フランスの理系教育はとにかく理論先行

1年目

 まず統計学や回帰論、機械学習などデータサイエンスの技術的な面を徹底してたたき込まれます。またRやPythonのプログラミングの授業では各学生のレベルによってクラス分けがなされ、プログラミング経験が全くない人でもとりあえず使い物になるくらいには上達するようになっています。

 さて1カ月の補習期間があったとはいえ、日本の大学で経済学専攻だった私には1年目のキツさはハンパなかったです。フランスの理系教育の特徴はとにかく理論先行なこと。分厚い教科書に書いてあるような定理、公理をまず徹底的に理解させることから始まります。覚えるのではなく、自分で証明できるようになるまで教え込まれるのです。

 私たちが一番使っていたのはJohn Monahanという統計学者が書いた『A Primer on Linear Models(線形モデル入門)』という300ページほどの本でした。教授が初日の授業で第1章第1項に書いてある定理を黒板で証明し始めたときは、思わず「留年確定したw」と友人にメッセージしたのを覚えています。しかも、基礎を徹底的に固めるためだけに授業時間を費やした揚げ句、試験ではかなりぶっ飛んだ実践問題が出ます。「理論を教えてあげるから、あとは自分の応用力でなんとかしてね」というスタンスです。

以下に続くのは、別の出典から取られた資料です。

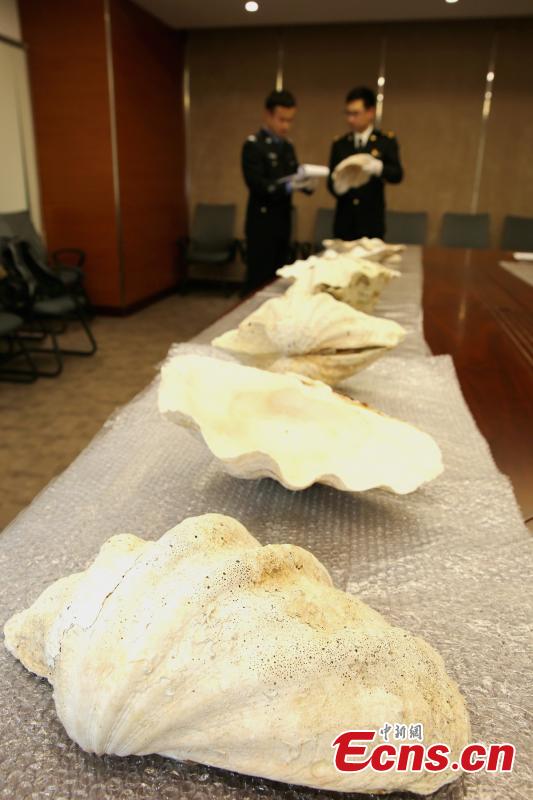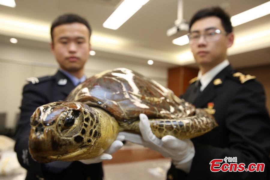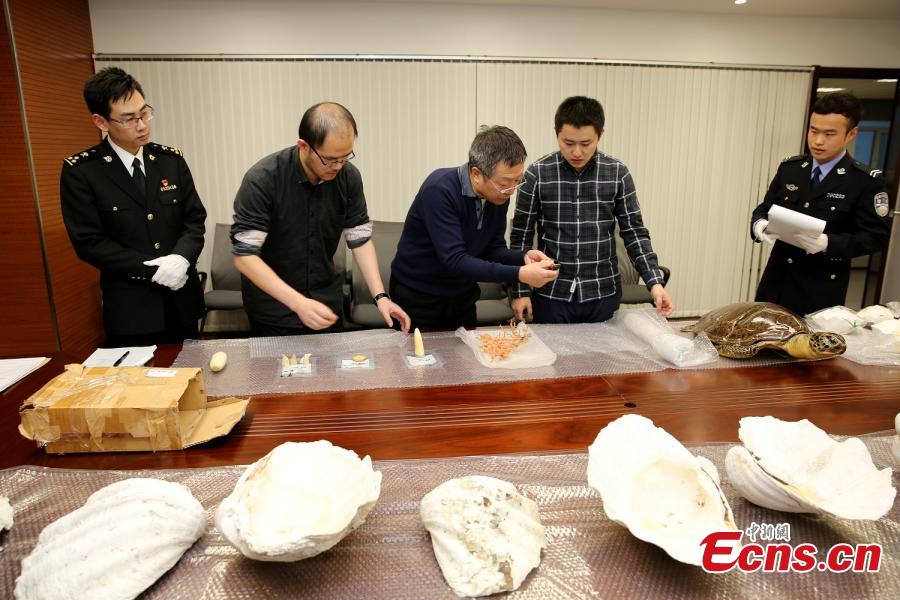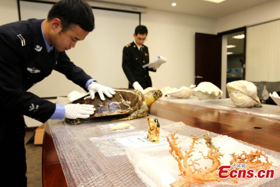 Customs officers display items they have seized in anti-smuggling cases since 2016 in Dalian City, Northeast China’s Liaoning Province, Feb. 14, 2017. The items include whale’s tusks, and specimens of green turtle and red coral. Customs in Dalian have successfully thwarted several cases where endangered aquatic animals and wildlife were being smuggled. (Photo: China News Service/Gao Shuo)
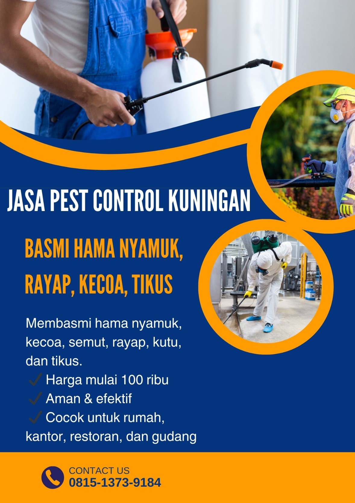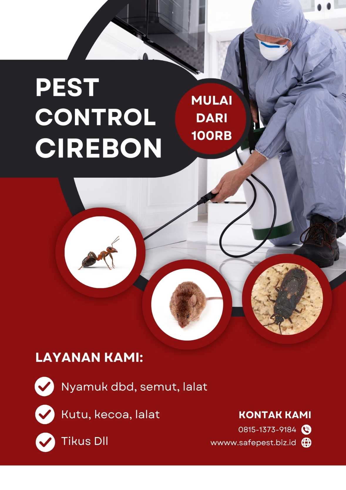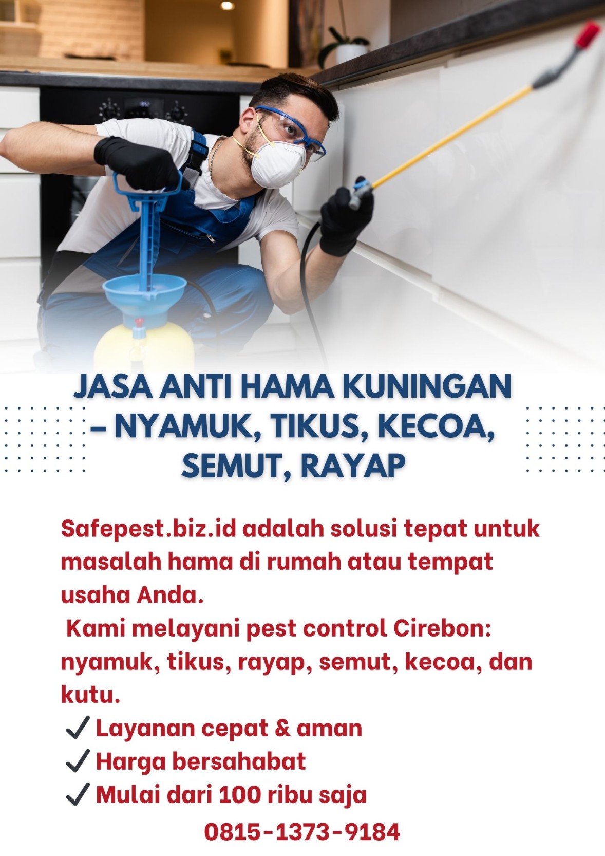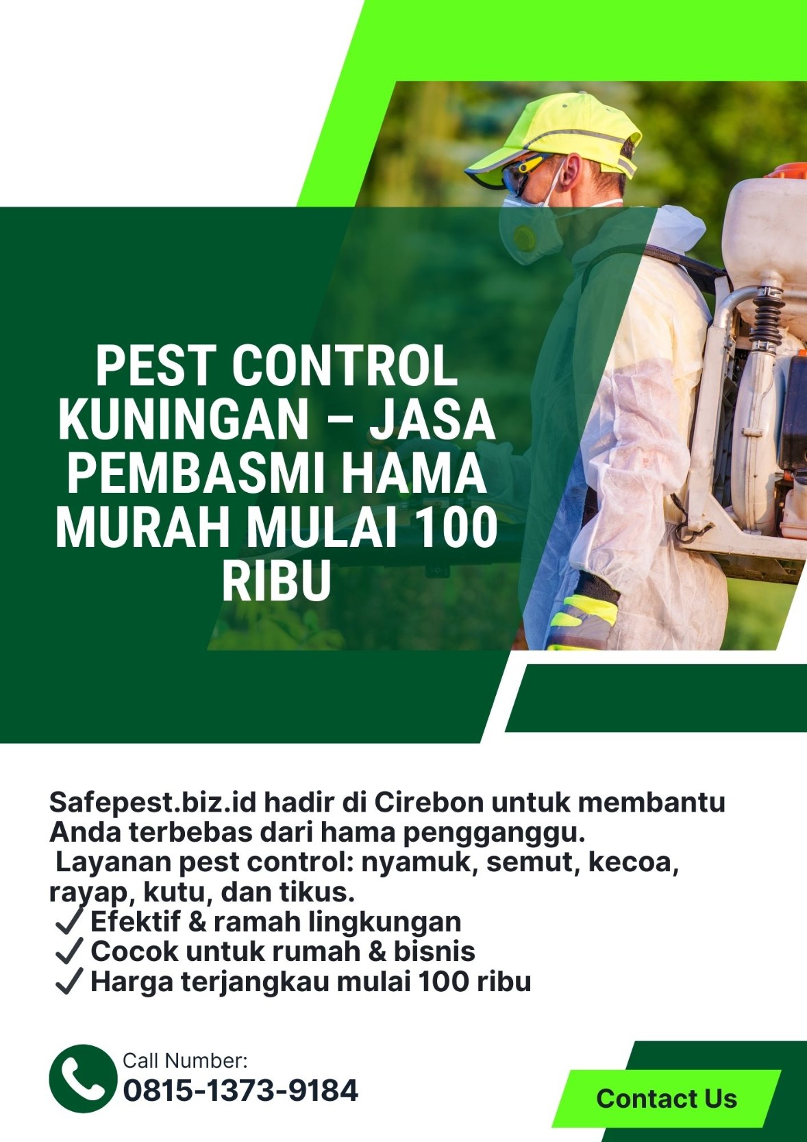 0815-1373-9184 – Hubungi Kami Sekarang! SafePest Kuningan – Jasa Pest Control Profesional & Penyemprotan Fogging Hama SafePest hadir di Kuningan, Jawa Barat, untuk memberikan solusi pengendalian hama lengkap. Kami melayani penyemprotan dan fogging nyamuk, lalat, kecoa, semut, kutu, rayap, tikus, serta hama pengganggu lainnya. Dengan tim teknisi berpengalaman, peralatan modern, dan bahan aman lingkungan, kami memastikan rumah, kantor, restoran, sekolah, kos-kosan, dan usaha Anda terbebas dari gangguan hama. Kami siap melayani panggilan ke seluruh kecamatan di Kuningan, termasuk: Kuningan Cigugur Kadugede Cilimus Luragung Ciawigebang Garawangi Darma Jalaksana Maleber Pancalang Subang Cibingbin Lebakwangi dan seluruh wilayah Kuningan lainnya. Keunggulan SafePest Kuningan: Layanan fogging nyamuk & penyemprotan hama lengkap Teknisi profesional, berpengalaman, dan sigap Bahan pengendalian hama aman & ramah lingkungan Harga kompetitif mulai dari Rp150.000 Hubungi kami sekarang di WhatsApp 0815-1373-9184 untuk konsultasi gratis & jadwal penyemprotan. SafePest Kuningan adalah mitra terpercaya Anda dalam layanan pest control profesional.

学生の方を見向きもせず一心不乱に証明を板書する教授(線形回帰の講義)
学生の方を見向きもせず一心不乱に証明を板書する教授(線形回帰の講義)

 新聞記者出身の自分はとにかく現場主義だったので、理論先行へ頭を切り替えるのに苦戦しました。そのせいか、なんと統計学、回帰分析、機械学習基礎というデータサイエンスのコア単位を3つも落とすという不覚を取りました……(追試で無事に受かりましたが!)。

 ですが、たとえ単位を落としてもそこで諦めてはいけません。教科書は卒業した今でも時折見返すほどです。今では『A Primer on Linear Models』を枕にするほど愛しています。理論先行の学び方は最初こそきつかったですが、ここで基礎を鍛えられたからこそ、今データサイエンティストとしてテクニカルな仕事ができているのだと感じています。

企業でのケース問題が多い

2年目

 2年目からは一気にビジネス寄りの授業になります。フランスにあるコンサルティングファームからデータサイエンティストを講師として呼び(もしくは学生がオフィスに出向き)、実際にプロジェクトで使われたデータとともにケース問題を解く授業が多くありました。個人的にとても面白かった授業は2つあります。

 ひとつはマッキンゼー提供の「高度データ解析」。レモネード製造工場の製造ラインでどのような戦略を立てたら生産性を向上できるかを考察するのがゴールでした。この授業、なんと現役のコンサルタントやデータサイエンティストがレモネード製造機の縮小版を教室に持ち込んできます。ひと部屋まるまる使って、小さな製造ラインを組み立ててしまうのです!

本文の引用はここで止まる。